Ukraine NATO membership might lead to third World War

The potential NATO membership of Ukraine while it is at war with Russia, according to US Vice President Joe Biden, will probably lead to the outbreak of a third World War.

Additionally, the United States has reportedly just delivered cluster munitions, which are prohibited internationally, to Ukraine.

In a joint press conference on Thursday with the president of Finland, Sauli Niinisto, Biden stated, “No one can join NATO while a war is going on, because that guarantees that we are in a war, a Third World War.”

read more: US senator slams Ukraine president over NATO demands

NATO’s Article 5 states that an attack on one member is an attack on all members, which means that if Ukraine joins the alliance while it is already at war with Russia, all NATO members must also engage in a full-fledged and direct conflict with Russia, which is not what the alliance currently intends.

When informed that Russian President Vladimir Putin would gain confidence if Ukraine could not join NATO right away, Biden responded that he did not believe the conflict would last for years because Russia cannot sustain its resources for that long.
Furthermore, Biden played down worries that Putin might use nuclear weapons after a brief mutiny by the Wagner private military group.

Putin using nuclear weapons is not a realistic possibility, but you never know. Don’t go there is a message that has come from the West, China, and the rest of the world.
Skip that place.

With 4,477 nuclear warheads in its deployed and reserve inventory, including about 1,900 tactical warheads, Russia has the largest nuclear arsenal in the world, according to the Federation of American Scientists.
The change happened as Ukrainian authorities revealed they had received contentious cluster munitions from the US.

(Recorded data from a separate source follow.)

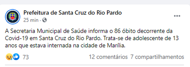 A Prefeitura de Santa Cruz do Rio Pardo informou, através de suas redes sociais, a morte por complicações da Covid de uma adolescente de apenas 13 anos, que estava internada em um hospital de Marília. Esta é 86ª morte naquele município.
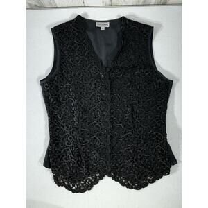 San Andre 1993 Womens Black Lace Front Button Up Vest Size 10 (Medium) Vintage
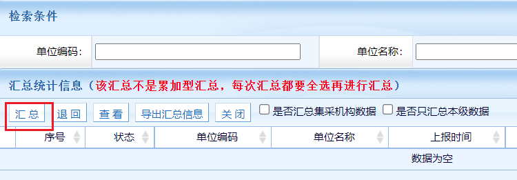 接收數(shù)據(jù)完成后,點擊匯總按鈕,系統(tǒng)彈出匯總頁面,全部勾選數(shù)據(jù)后,點擊匯總按鈕,完成匯總。
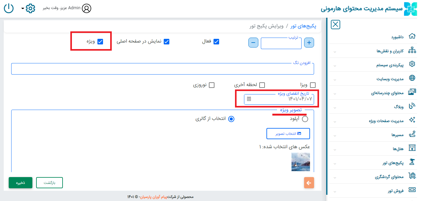 برای نمایش تور تیک فعال و نمایش در صفحه اصلی را بزنید. همچنین اگر تور شما ویژه باشد برای نمایش آن در صفحه ی اصلی : علاوه بر تیک فعال و نمایش در صفحه اصلی ، تیک ویژه را بزنید و تاریخ انقضای ویژه و تصویر ویژه را وارد نمایید.
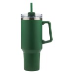 Take the Lucas 40 oz. Travel Mug, a portable super-capacity coffee cup, with you on your daily commute and place it safely in the car cup holder. This mug has double wall stainless steel construction, and its 18/8 food-grade steel inner wall and copper liner can withstand daily use and will keep your drink cold for 30 hours and hot for 18 hours. Its threaded lid with rotating closure gives you the option to drink from the sipper hole or from the included drinking straw. The large, ergonomic handle makes the Lucas easy to carry and its high-quality durable powder coating prevents scratches, making it perfect for indoor and outdoor use. FDA compliant and BPA free. Complies with Prop 65. 5 7/8″ W x 10 3/4″ H x 4″ D
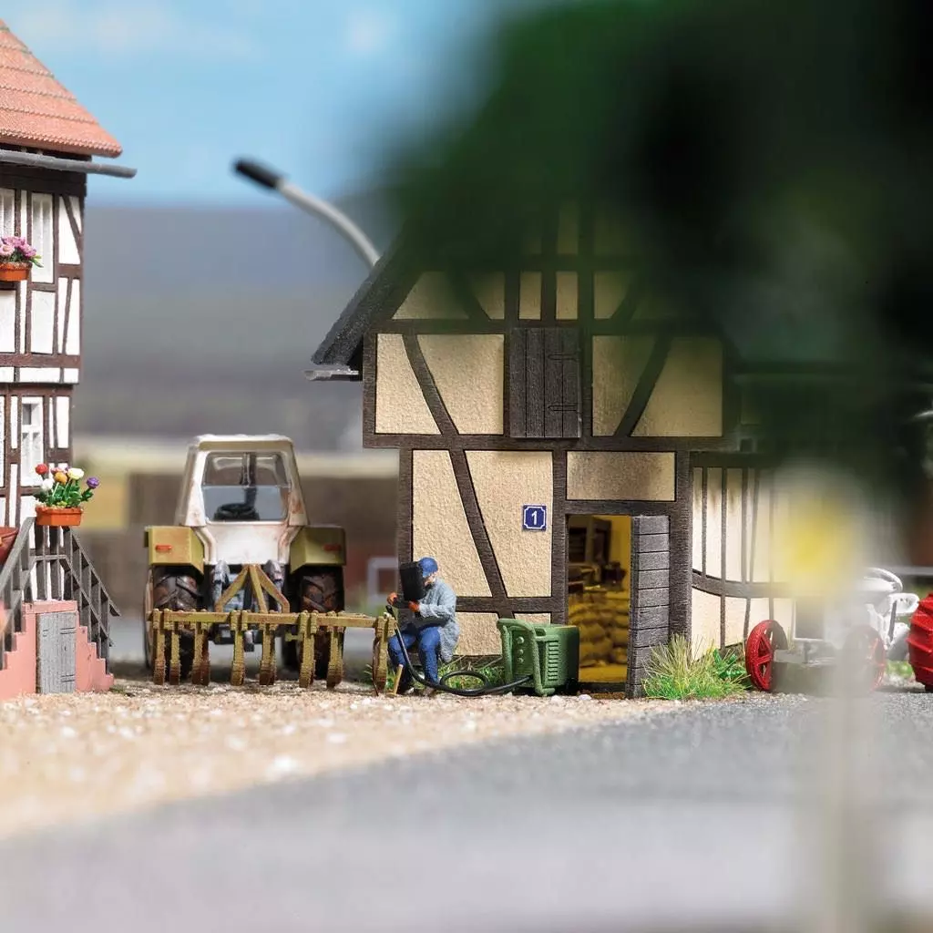 Action Set für die realistische Belebung Ihrer Modellwelt. Mittelpunkt ist das vorbildgetreue Modell eines Gerätes oder einer Maschine mit einer Figur in passender Position (bemaltes Fertigmodell) und viel Zubehör.
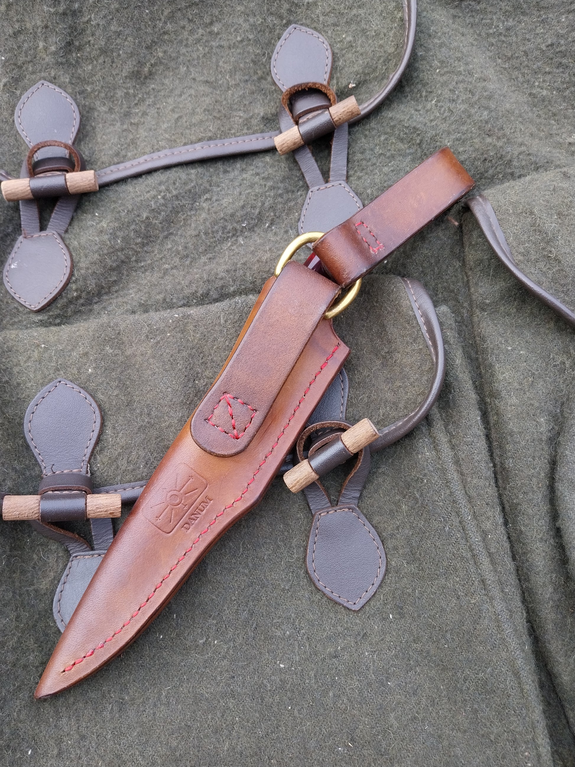 This Muntjac Catcher has been fitted with hybris stabilised Californian Buckeye burl and dark red resin scales. Which have been fitted to the blade with a brass mosaic Muntjac skull and 4mm brass pin. It comes with a walnat brown dyed veg-tan leather sheath with red stitching and a drop dangler belt loop
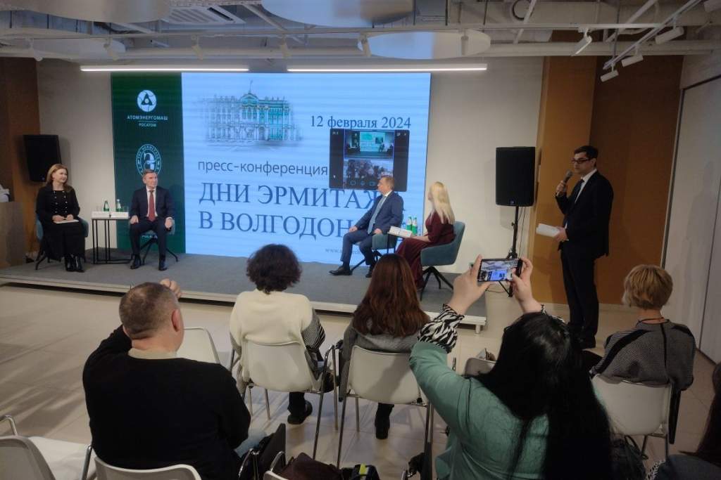 Сегодня, 12 февраля, в «Центре истинных ценностей» состоялась пресс-конференция «Дни Эрмитажа в Волгодонске». В ней приняли участие первый заместитель губернатора Ростовской области Игорь Гуськов, министр культуры Ростовской области Анна Дмитриева, заместитель генерального директора по управлению персоналом «Атомэнергомаш» Юлия Николаева, директор завода «Атоммаш» Максим Жидков, а также в онлайн-формате – заведующий сектором оружия отдела «Арсенал» Эрмитажа Всеволод Образцов.
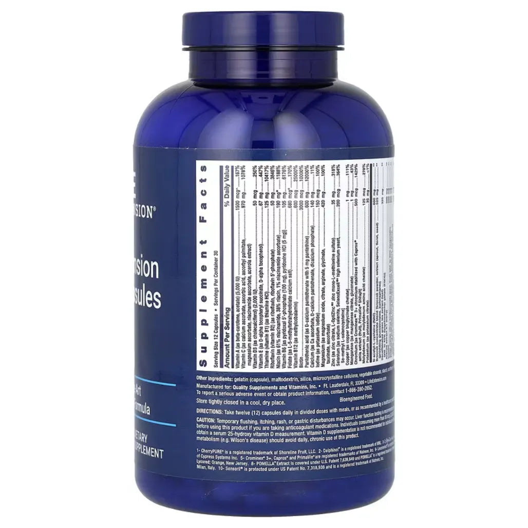Vitamin A (as beta-carotene, acetate) (5,000 IU)1500 mcg167%Vitamin A (as beta-carotene, acetate) (5,000 IU)Vitamin C (as calcium ascorbate, ascorbic acid, ascorbyl palmitate magnesium ascorbate, niacinamide ascorbate, acerola extract)970 mg1078%Vitamin D3 (as cholecalciferol) (2,000 IU)50 mcg250%Vitamin E (as D-alpha tocopheryl succinate, D-alpha tocopherol)67 mg447%Thiamine (vitamin B1) (as thiamine HCl)125 mg10417%Riboflavin (vitamin B2) (as riboflavin, riboflavin 5’-phosphate)50 mg3846%Niacin (as 61% niacinamide, 38% niacin, 1% niacinamide ascorbate)190 mg1188%Vitamin B6 [as pyridoxal 5’-phosphate (100 mg), pyridoxine HCl (5 mg)]105 mg6176%Vitamin B6 [as pyridoxal 5’-phosphate (100 mg), pyridoxine HCl (5 mg)]Folate (as L-5-methyltetrahydrofolate calcium salt)400 mcg100%Vitamin B12 (as methylcobalamin)600 mcg25000%Biotin3000 mcg10000%Pantothenic acid (as D-calcium pantothenate with 5 mg pantethine)600 mg12000%Calcium (as Ca ascorbate, D-calcium pantothenate, Ca D-glucarate, dicalcium phosphate)140 mg11%Iodine (as potassium iodide)150 mcg100%Magnesium (as magnesium oxide, citrate, arginate, glycinate, taurinate, ascorbate)420 mg100%Zinc (as zinc citrate, L-OptiZinc ®3 zinc mono-L-methionine sulfate)35 mg318%Selenium [as sodium selenite, SelenoExcell ®4 high selenium yeast Se-methyl L-selenocysteine]200 mcg364%Copper (as TRAACS ®13copper bisglycinate chelate)1 mg111%Manganese (as manganese citrate, gluconate)1 mg43%Chromium [as Crominex ®5 3+ chromium stabilized with Capros ® amla extract (fruit), PrimaVie ® Shilajit]500 mcg1429%Molybdenum (asmolybdenum amino acid chelate)125Potassium (as potassium citrate)35 mg1%Broccoli concentrate blend:broccoli powder, extract (sprout, floret, seed)725 mgglucosinolatessulforaphanecalcium D-glucarateN-acetyl-L-cysteine (NAC)600 mgDecaffeinated green tea extract (leaf ) [std. to 45% epigallocatechin gallate (EGCG)]325 mgAcerola extract 4:1 (berry)300 mgInositol250 mgBitter orange citrus bioflavonoids (peel, fruit ) [std. to 50% hesperidin]200 mgFruit/berry proprietary blend:200 mgEuropean elderblackberryblueberrysweet cherrycranberryplumpersimmon (Diospyros kaki )Taurine200 mgWild blueberry anthocyanin extract (fruit)150 mgSensoril®12 Ashwagandha extract (root,leaf ) [std. to 32% oligosaccharides 10% glycoside conjugates]125 mgSilymarin [from milk thistle extract (seed)100 mgTrimethylglycine (TMG) (as betaine anhydrous)100 mgCherryPure ®1 sour cherry (tart cherry) proanthocyanidin powder (skin)85 mgPOMELLA ® 9 pomegranate extract (fruit ) [std. to 30% punicalagins]85 mgNatural mixed tocopherols (providing gamma, delta, alpha, beta tocopherols)60 mgMirtoSelect ®11 bilberry extract (fruit)30 mgBioVin ®7 grape proanthocyanidin extract (whole grape)25 mgLeucoselect ®6 grape seed proanthocyanidin extract25 mgBromelain [from pineapple (stem)] (2400 gelatin digestive units/gram)15 mgLutein [from marigold extract (flower) (providing 465 mcg trans-zeaxanthin)15 mgOlive extract (fruit) (providing polyphenols, hydroxytyrosol, tyrosol, oleuropein)12.5 mgSesame seed lignan extract10 mgLuteolin [from orange extract (fruit)]8 mgApigenin5 mgBoron (as boron amino acid chelate)3 mgLycopene [from LycoBeads ®8 natural tomato extract (fruit)]3 mgDelphinidins [from Delphinol ®2 maqui berry (Aristotelia chilensis ) extract (fruit)]2 mgCyanidin-3-glucoside (C3G) [from black currant extract (fruit)]1.25 mgTrans-pterostilbene (from pTeroPure ®10 )0.5 mgOther Ingredients:gelatin (capsule), maltodextrin, vegetable stearate, silica, microcrystalline cellulose, starch
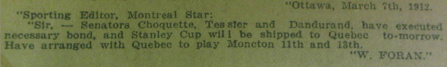 Le lendemain, William Foran, commissaire de la Coupe Stanley autorise le transfert de la Coupe vers Québec et ordonne à ceux-ci de la défendre contre Moncton, les 11 et 13 mars suivants.
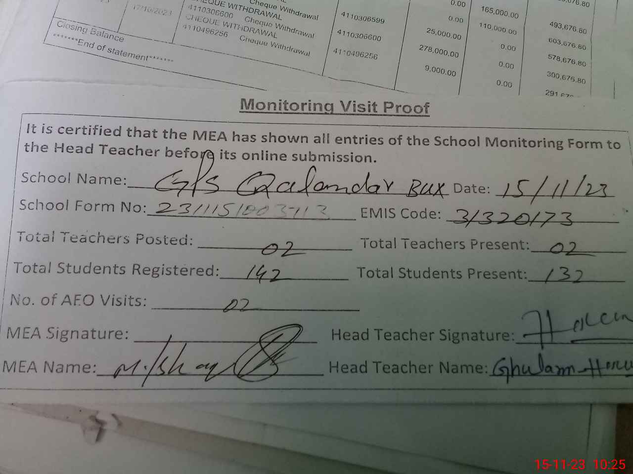 | Attendance Register | Head Teacher | MEA with School | Visit Proof |
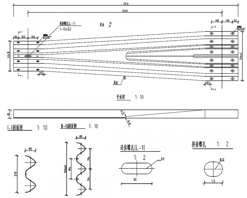 波形護欄過渡板是指在一些特殊的路段,需要同時使用雙波形護欄和三波形護欄時,可以使不同規格的梁板連接在一起,能夠流暢過渡的特殊護欄板。而雙波護欄和三波護欄的截面是不一樣的,在這種情況下就需要使用一種規格為(506-310)85*4320*3/4mm或(506-310)85*2320*3/4mm的過渡板。

Oleksandr Tarnavskyi, commander of the Ukrainian army, told US broadcaster CNN on Thursday, “We just got them, we haven’t used them, but they can radically change (the battlefield).

The enemy is aware that we will have an advantage if we obtain this ammunition, he added. “The Russians believe we’ll use it across the entire front.
Very wrong, indeed.”

Despite a global ban on the use of the controversial weapons, the White House announced on Friday that the US would provide cluster munitions to Ukraine to aid in its counteroffensive against Russian forces.

The Convention on Cluster Munitions (CCM), an international treaty that addresses the humanitarian ramifications and intolerable harm caused to civilians by cluster munitions through a categorical prohibition and a framework for action, forbids the use of cluster bombs.

Many bomblets can be contained in one weapon, which disperse over a large area and frequently kill and injure civilians. Because bomblets that have not yet detonated can endanger civilians for years after a battle has ended, CCMs are prohibited.
Submunitions released by cluster munitions can cover a five times larger area than those released by conventional bombs.

All use, production, transfer, and stockpiling of cluster bombs are prohibited by the CCM, which went into effect in 2010. Although more than 100 nations have ratified the agreement, the US, Russia, and Ukraine have not.

Vladimir Putin, the president of Russia, issued an order on February 24, 2022, to launch a “special military operation” in the former Soviet republic to “demilitarize” two eastern Ukrainian regions in response to Kyiv’s rising aspirations to join NATO, which Moscow regards as a redline.

As the war entered its eighth month in September 2022, Ukrainian President Volodymyr Zelensky officially applied for a fast-track NATO membership and ruled out talks with Putin.

Moscow has repeatedly cautioned Ukraine against their requests to join NATO, describing the action as “pure destabilizing. “Russia has also cautioned the alliance against continuing its expansion toward its borders.

Since the start of the conflict, US media has frequently covered the weapon shipments sent by the US to strengthen Kyiv’s armed forces, along with tens of billions in military aid from other NATO members.

By the beginning of January, the US and its allies had given Ukraine over 100 million rounds of small arms ammunition, over a million rounds of artillery shells, and more than 100,000 rounds for tanks.

Russia views the Western invasion of Ukraine with weapons as a fruitless attempt to influence the course of the war. Moscow claims that giving Kyiv more weapons won’t do anything but prolong the fighting and cause more deaths and destruction.